Combining obinutuzumab (Gazyva) with chemotherapy in the first-line setting significantly reduced the risk of disease progression versus rituximab (Rituxan) plus chemotherapy in patients with follicular lymphoma.
Sandra Horning, MD
Combining obinutuzumab (Gazyva) with chemotherapy in the first-line setting significantly reduced the risk of disease progression versus rituximab (Rituxan) plus chemotherapy in patients with follicular lymphoma, according to findings from the phase III GALLIUM study.
The safety profile was consistent with previously reported data for chemotherapy combinations with the two therapies, according to Genentech, which manufactures both anti-CD20 agents. Genentech intends to present the GALLIUM data at an upcoming medical meeting and enter discussions with regulatory authorities about a new indication for obinutuzumab.
"People with follicular lymphoma continue to need better initial treatment options because their disease is incurable and becomes more difficult to treat with each relapse," Sandra Horning, MD, chief medical officer and head of Global Product Development at Genentech, said in a statement.
The international phase III GALLIUM study included 1401 treatment-naive patients with indolent non-Hodgkin lymphoma, of whom 1202 patients had follicular lymphoma. Patients were randomized to obinutuzumab plus chemotherapy, followed by obinutuzumab alone (up to 2 years), or rituximab plus chemotherapy, followed by rituximab alone (up to 2 years). The chemotherapy regimens used were CHOP, CVP, or bendamustine, based on the discretion of the physicians at each study location.
The primary endpoint of the study was progression-free survival. Secondary outcome measures included response rate, overall survival, disease-free survival, and safety.
"GALLIUM is the second study in which Gazyva showed superior progression-free survival compared to Rituxan, when each was combined with chemotherapy,” said Horning.

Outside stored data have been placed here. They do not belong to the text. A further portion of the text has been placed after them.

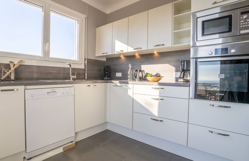 6-room house 175 m2 on 2 levels, south facing position. Fully renovated in 2016, comfortable and modern furnishings: large living/dining room with panoramic window with 1 folding bed (90 cm, length 190 cm), dining nook, TV, flat screen and fan. Exit to the balcony. 2 rooms, each room with 1 french bed (1 x 160 cm, length 200 cm), fan. Kitchen (oven, dishwasher, 4 ceramic glass hob hotplates, toaster, microwave, freezer, electric coffee machine, Capsules for coffee machine (Senseo) extra). Exit to the terrace. Shower, sep. WC, double hand-basin. Heating. On the lower ground floor: living/dining room with 1 folding bed (90 cm, length 190 cm), TV, flat screen and fan. Exit to the garden, to the terrace. 2 rooms, each room with 1 french bed (1 x 160 cm, length 200 cm), fan. Open kitchen (oven, dishwasher, 4 induction hot plates, toaster, kettle, microwave, freezer, electric coffee machine) with dining nook. Shower, sep. WC, double hand-basin. Heating. Balcony, terrace 8 m2, terrace 6 m2. Terrace furniture, barbecue, deck chairs (10). View of the sea. Facilities: washing machine, dryer, iron, mosquito net. Internet (WiFi, free). Parking (4 cars). Please note: 1 small pet/ dog allowed. TV only FR. Smoke alarm. No internal connecting door between the floors. FJS1078HT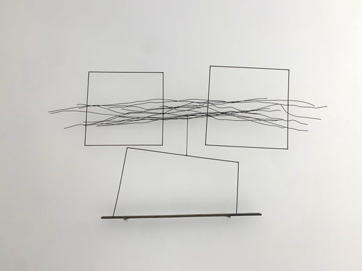 La escultura se compone de una base rectangular de madera, robusta y de acabado natural, sobre la que se erigen dos varillas metálicas verticales y delgadas. Una de las varillas sost...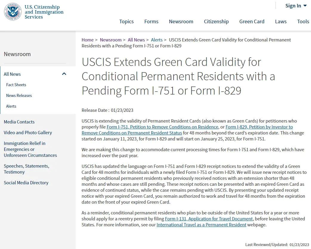 美国移民局USCIS于2023年1月23日当地时间发布消息:USCIS正在延长正确提交I-751表《申请取消永久居民的限制条件》(Petition to Remove Conditions)或I-829表《投资者申请取消永久居民的限制条件》申请人的永久居民卡,也被称为临时绿卡的有效期,有效期为条件绿卡到期日后的48个月。I-829表格的这一变化始于2023年1月11日,I-751表格将于2023年1月25日开始。

The CLL11 trial was the first study to directly compare the agents. In the study, obinutuzumab plus chlorambucil reduced the risk of disease progression by 58% compared with rituximab plus chlorambucil in previously untreated patients with chronic lymphocytic leukemia (CLL; HR, 0.42; 95% CI, 0.33-0.54; P <.0001). Among patients in the obinutuzumab arm, the most common adverse events were infusion reactions, low white blood cell counts, low platelet counts, low red blood cell counts, fever, cough, nausea and diarrhea.
Based on data from the CLL11 trial the FDA approved obinutuzumab plus chlorambucil in November 2013 as a first-line treatment for patients with CLL.
In follicular lymphoma, the FDA approved obinutuzumab plus bendamustine followed by obinutuzumab alone for the treatment of patients who relapse after, or are refractory to, a rituximab-containing regimen.
The approval was based on the phase III GADOLIN study, in which obinutuzumab plus bendamustine followed by obinutuzumab monotherapy reduced the risk of disease progression by 52% compared with bendamustine alone (HR, 0.48; 95% CI 0.34-0.68; P <.0001) in patients with follicular lymphoma who progressed on rituximab-based therapy.
The best overall response (BOR) rate for the obinutuzumab cohort was 78.7%, including complete (CR) and partial response (PR) rates of 15.5% and 63.2%, respectively. The BOR was 74.7% for the control arm, with a CR rate of 18.7% and a PR rate of 56%. The median duration of response was not reached for the obinutuzumab arm versus 11.6 months with bendamustine alone.
The most frequently reported adverse events (AEs) in the obinutuzumab arm were infusion reactions (69%), low white blood cell counts (35%), nausea (54%), fatigue (39%), cough (26%), diarrhea (27%), constipation (19%), fever (18%), low platelet counts (15%), vomiting (22%), upper respiratory tract infection (13%), decreased appetite (18%), joint or muscle pain (12%), sinusitis (12%), low red blood cell counts (12%), general weakness (11%), and urinary tract infection (10%).
Low white blood cell counts (33%), infusion reactions (11%), and low platelet counts (10%), were the most common grade 3/4 AEs observed in patients receiving obinutuzumab. The most common serious AEs (>2%) included febrile neutropenia, neutropenia, infusion related reactions, sepsis, pneumonia, and pyrexia.
Obinutuzumab is a glycoengineered antibody against CD20. Through the glycoengineering process, sugar molecules are removed from immune-effector antibody cells in the posttranslational setting, significantly impacting antigen binding and function. Specifically, obinutuzumab is designed to lack fucose molecules.